:: RECORDED DATA ::
================
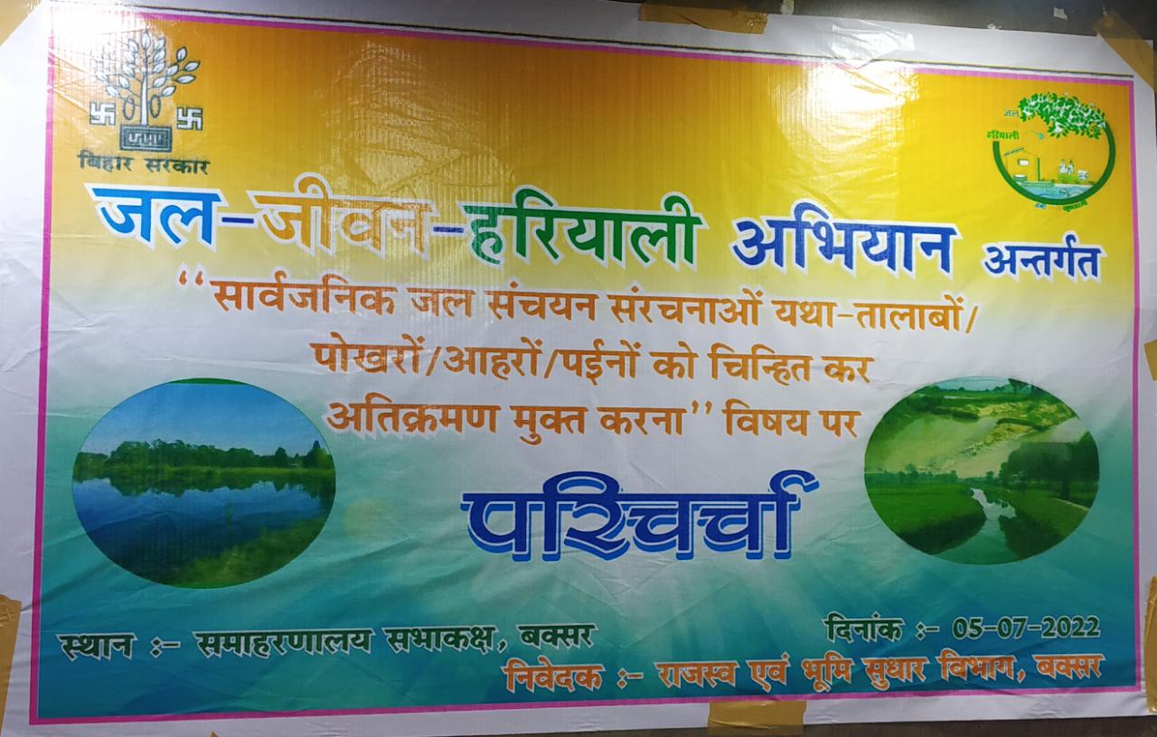 जल जीवन हरियाली अभियान अंतर्गत सार्वजनिक जल संचयन संरचनाओं यथा-तालाबों, पोखरों, आहरों, पईनों को चिहिन्त कर अतिक्रमण मुक्त करना विषय पर परिचर्चा समाहरणालय अवस्थित सभागार में की गई। कार्यक्रम का शुरूआत दीप प्रज्जवलित कर किया गया। अपर समाहर्ता बक्सर ने अपने संबोधन में कहा कि वर्तमान परिस्थिति में जलवायु परिवर्तन के कारण बहुत ही समस्याएं उत्पन्न हो रही हैं। हम सबको अपने आसपास अधिक से अधिक वृक्षारोपण करते हुए जल जीवन हरियाली को बढावा देना चाहिए ताकि जलवायु परिवर्तन को रोका जा सके। जल जीवन हरियाली अंतर्गत 09 विभाग द्वारा 11 अवयव शामिल है। वर्तमान परिस्थिति में भूमि का जल स्तर नीचे जा रहा है हम सबको जल संचयन एवं जल जीवन हरियाली अभियान के अंतर्गत इस जल स्तर को बढ़ाने का प्रयास करना चाहिए। ज़िला परिषद अध्यक्षा ने सभी लोगों से अपील किया कि अपने आसपास का वातावरण स्वच्छ रखें अधिक से अधिक पेड़ लगाएं साथ ही जल संचयन के सभी उपायों का अनुपालन करें। कार्यक्रम में सबके द्वारा संकल्प भी लिया गयाः- मैं संकल्प लेता/लेती हूँ कि प्रत्येक वर्ष कम से कम एक पौधा लगाकर उसकी सुरक्षा एवं देखभाल कर वृक्ष बनाऊँगा/बनाऊँगी। अपने आस-पास के तालाब, नदी, पोखर एवं अन्य जल स्रोतों को प्रदुषित नहीं करूँगा/करूँगी। आवश्यकता से अधिक जल का उपयोग नहीं करूँगा/करूँगी एवं इस्तेमाल के बाद नल को बंद करूँगा/करूँगी। अपने घर/विद्यालय पास-पडो़स में वर्षा के जल संचयन हेतु अपने परिवार के सदस्यों को प्रेरित करूँगा/करूँगी। बिजली का उपयोग आवश्यकतानुसार ही करूँगा/करूँगी। घर के बाहर निकलते समय बिजली के बल्ब/पंखा को बंद कर दूगाँ/दूँगी। अपने घर, विद्यालय एवं आस-पडो़स को स्वच्छ रखते हुए वहाँ से निकलने वाले कूडे़ को कूडे़दान में डालूँगा/डालूँगी। प्लास्टिक/पॉलीथीन का उपयोग बंद कर कपडे़/कागज का उपयोग करूँगा/करूँगी और अन्य लोगों को भी उसके लिए प्रेरित करूँगा/करूँगी। जीव-जन्तुओं एवं पशु-पक्षियों के प्रति प्रेम का भाव रखूँगा/रखूँगी। इनके लिए यथा संभव दाना-पानी की व्यवस्था करूँगा/करूँगी। नजदीक के कार्य पैदल अथवा साईकिल से करूँगा/करूँगी। कागज का अनावश्यक उपयोग नहीं करूँगा/करूँगी एवं अन्य लोगों को भी इस हेतु प्रेरित करूँगा/करूँगी। मैं खुले में शौच नहीं कर शौचालय का उपयोग करूँगा/करूँगी।* *कार्यक्रम में अपर समाहर्ता बक्सर, उप विकास आयुक्त बक्सर, जिला परिषद अध्यक्षा, जिला परिषद सदस्य, उप निर्वाचन पदाधिकारी बक्सर, जिला अल्पसंख्यक कल्याण पदाधिकारी बक्सर, जिला प्रोग्राम पदाधिकारी आई0सी0डी0एस0 बक्सर, डी0आर0डी0ए0 निदेशक, वरीय उप समाहर्ता बक्सर, संबंधित अंचलाधिकारी, जनप्रतिनिधि एवं विभिन्न शाखाओं के कर्मीगण उपस्थित थे।
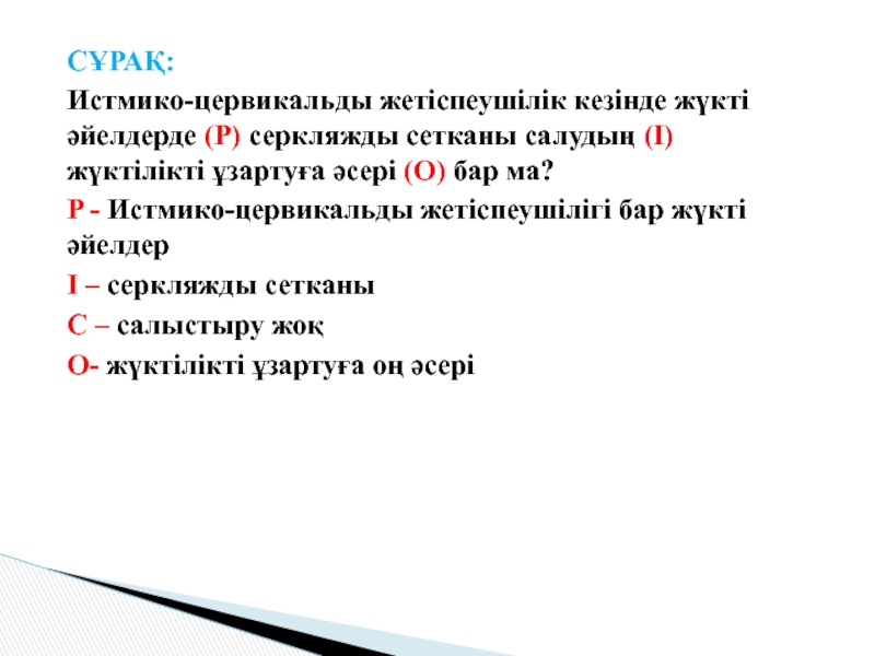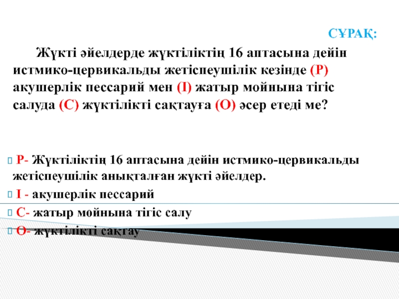 Р- Жүктіліктің 16 аптасына дейін истмико-цервикальды жетіспеушілік анықталған жүкті әйелдер.
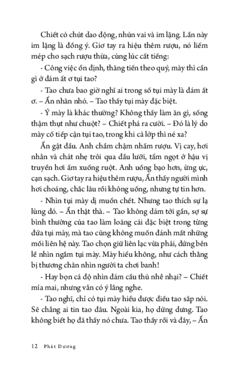 Trích đoạn Những chùm trái đỏ “Người xa vắng nhớ chăng cảnh này? Còn nhớ không gã trai bạn của những mùa vàng xưa? Đỉnh dùng răng cắn bật cái nút chai, ngửa cổ tu từng
================
:: GOAL OF THE EXERCISE ::
Everything above except the pictures must be restated exactly.

:: EXERCISE OUTPUT ::
 जल जीवन हरियाली अभियान अंतर्गत सार्वजनिक जल संचयन संरचनाओं यथा-तालाबों, पोखरों, आहरों, पईनों को चिहिन्त कर अतिक्रमण मुक्त करना विषय पर परिचर्चा समाहरणालय अवस्थित सभागार में की गई। कार्यक्रम का शुरूआत दीप प्रज्जवलित कर किया गया। अपर समाहर्ता बक्सर ने अपने संबोधन में कहा कि वर्तमान परिस्थिति में जलवायु परिवर्तन के कारण बहुत ही समस्याएं उत्पन्न हो रही हैं। हम सबको अपने आसपास अधिक से अधिक वृक्षारोपण करते हुए जल जीवन हरियाली को बढावा देना चाहिए ताकि जलवायु परिवर्तन को रोका जा सके। जल जीवन हरियाली अंतर्गत 09 विभाग द्वारा 11 अवयव शामिल है। वर्तमान परिस्थिति में भूमि का जल स्तर नीचे जा रहा है हम सबको जल संचयन एवं जल जीवन हरियाली अभियान के अंतर्गत इस जल स्तर को बढ़ाने का प्रयास करना चाहिए। ज़िला परिषद अध्यक्षा ने सभी लोगों से अपील किया कि अपने आसपास का वातावरण स्वच्छ रखें अधिक से अधिक पेड़ लगाएं साथ ही जल संचयन के सभी उपायों का अनुपालन करें। कार्यक्रम में सबके द्वारा संकल्प भी लिया गयाः- मैं संकल्प लेता/लेती हूँ कि प्रत्येक वर्ष कम से कम एक पौधा लगाकर उसकी सुरक्षा एवं देखभाल कर वृक्ष बनाऊँगा/बनाऊँगी। अपने आस-पास के तालाब, नदी, पोखर एवं अन्य जल स्रोतों को प्रदुषित नहीं करूँगा/करूँगी। आवश्यकता से अधिक जल का उपयोग नहीं करूँगा/करूँगी एवं इस्तेमाल के बाद नल को बंद करूँगा/करूँगी। अपने घर/विद्यालय पास-पडो़स में वर्षा के जल संचयन हेतु अपने परिवार के सदस्यों को प्रेरित करूँगा/करूँगी। बिजली का उपयोग आवश्यकतानुसार ही करूँगा/करूँगी। घर के बाहर निकलते समय बिजली के बल्ब/पंखा को बंद कर दूगाँ/दूँगी। अपने घर, विद्यालय एवं आस-पडो़स को स्वच्छ रखते हुए वहाँ से निकलने वाले कूडे़ को कूडे़दान में डालूँगा/डालूँगी। प्लास्टिक/पॉलीथीन का उपयोग बंद कर कपडे़/कागज का उपयोग करूँगा/करूँगी और अन्य लोगों को भी उसके लिए प्रेरित करूँगा/करूँगी। जीव-जन्तुओं एवं पशु-पक्षियों के प्रति प्रेम का भाव रखूँगा/रखूँगी। इनके लिए यथा संभव दाना-पानी की व्यवस्था करूँगा/करूँगी। नजदीक के कार्य पैदल अथवा साईकिल से करूँगा/करूँगी। कागज का अनावश्यक उपयोग नहीं करूँगा/करूँगी एवं अन्य लोगों को भी इस हेतु प्रेरित करूँगा/करूँगी। मैं खुले में शौच नहीं कर शौचालय का उपयोग करूँगा/करूँगी।* *कार्यक्रम में अपर समाहर्ता बक्सर, उप विकास आयुक्त बक्सर, जिला परिषद अध्यक्षा, जिला परिषद सदस्य, उप निर्वाचन पदाधिकारी बक्सर, जिला अल्पसंख्यक कल्याण पदाधिकारी बक्सर, जिला प्रोग्राम पदाधिकारी आई0सी0डी0एस0 बक्सर, डी0आर0डी0ए0 निदेशक, वरीय उप समाहर्ता बक्सर, संबंधित अंचलाधिकारी, जनप्रतिनिधि एवं विभिन्न शाखाओं के कर्मीगण उपस्थित थे।
 Р- Жүктіліктің 16 аптасына дейін истмико-цервикальды жетіспеушілік анықталған жүкті әйелдер.
 Trích đoạn Những chùm trái đỏ “Người xa vắng nhớ chăng cảnh này? Còn nhớ không gã trai bạn của những mùa vàng xưa? Đỉnh dùng răng cắn bật cái nút chai, ngửa cổ tu từng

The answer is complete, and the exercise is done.